But then look at the methology of this survey Manne cites:
The number stems from a 2009 online survey of 10,257 earth scientists, conducted by two researchers at the University of Illinois. The survey results must have deeply disappointed the researchers - in the end, they chose to highlight the views of a subgroup of just 77 scientists, 75 of whom thought humans contributed to climate change. The ratio 75/77 produces the 97% figure that pundits now tout.The cheating, lying and extreme manipulation behind those who would maintain the Global warming scare campaign should be enough to call everything they say into disrepute. But there is quite simply, too much money and power at stake for those at the top of the mountain to back down now.

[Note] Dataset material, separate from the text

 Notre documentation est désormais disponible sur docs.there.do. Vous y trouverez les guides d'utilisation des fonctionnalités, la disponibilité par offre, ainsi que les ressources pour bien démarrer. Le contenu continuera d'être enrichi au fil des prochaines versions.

The two researchers started by altogether excluding from their survey the thousands of scientists most likely to think that the Sun, or planetary movements, might have something to do with climate on Earth - out were the solar scientists, space scientists, cosmologists, physicists, meteorologists and astronomers. That left the 10,257 scientists in disciplines like geology, oceanography, paleontology, and geochemistry that were somehow deemed more worthy of being included in the consensus. The two researchers also decided that scientific accomplishment should not be a factor in who could answer - those surveyed were determined by their place of employment (an academic or a governmental institution). Neither was academic qualification a factor - about 1,000 of those surveyed did not have a PhD, some didn’t even have a master’s diploma.The real result is based on the views of just 75 of 10,257 scientists. Manne thinks this is decisive. This says everything.
But us ordinary folk should be very careful to think long and hard on what we believe.